# Intense 6.6 - DHX-Air - nur 50mm Hub?!



## snowmaniac (2. September 2008)

wenn ich bei meinem dhx-air die luft aus der hauptkammer komplett ablasse, (piggy bleibt auf 100psi)
und mich aufs bike setze, wird der o-ring (indikator) genau 50mm auf die kolbenstange geschoben.
das entspricht dann einem federweg von ca. 155mm. 
(indikator noch 7mm vor ende kolbenstange!)
soweit ich das bisher rausfinden konnte, sollte hier original ein modell mit 57mm hub verbaut sein,
der indikator sollte also bis ans ende der kolbenstange geschoben werden, 
was dann einem federweg von ca. 170mm entspricht.

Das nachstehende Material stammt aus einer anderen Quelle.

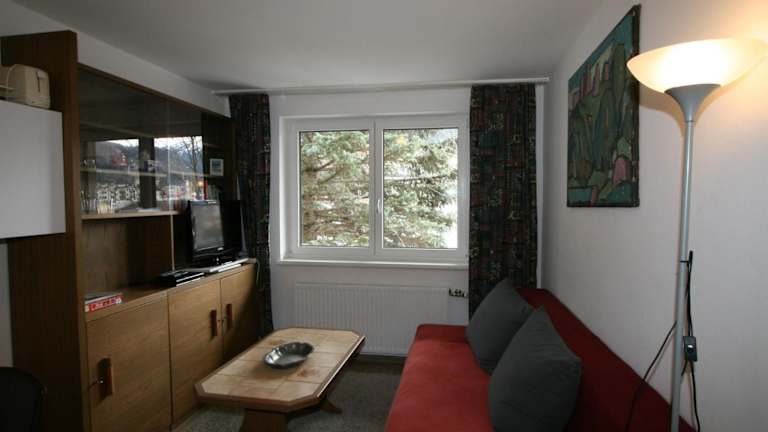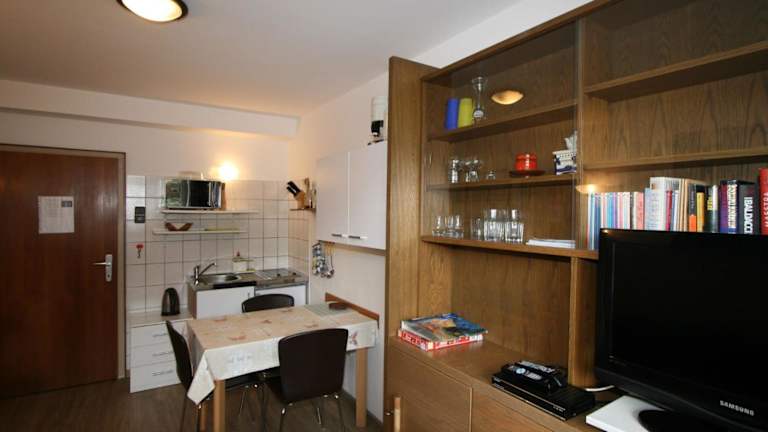 Die Ferienwohnung umfasst ein Schlafzimmer, ein Wohnzimmer, einen Fernseher sowie eine gut ausgestattete Küchenzeile mit Kühlschrank und Ofen. Außerdem ist ein Badezimmer mit Dusche vorhanden. Eine Terrasse ergänzt die Ausstattung und bietet Bergblick.

kann man anhand der daempfer-seriennummer (falls es sowas gibt) feststellen welchen hub dieser "originale" dhx-air hat?
hab das radl (neu) im fruehjahr von privat gekauft - mit garantie schauts also eher schlecht aus.
hab den dhx noch nicht zerlegt, werd im winter mal ein komplettes service machen.
vielleicht find ich da noch was. (dhx-air is ja angeblich vollkommen selber servicierbar)

allgemeines setup beim fahren:
Fahrergewicht: 80kg komplett, also keine probleme mit Durchschlag,
Druck knapp 15 bar Haupt / 100psi Piggy / 1Ring progression am Piggy gegen durchschlag.
propedal ganz auf.
performance vom hinterbau allgemein ist sehr gut.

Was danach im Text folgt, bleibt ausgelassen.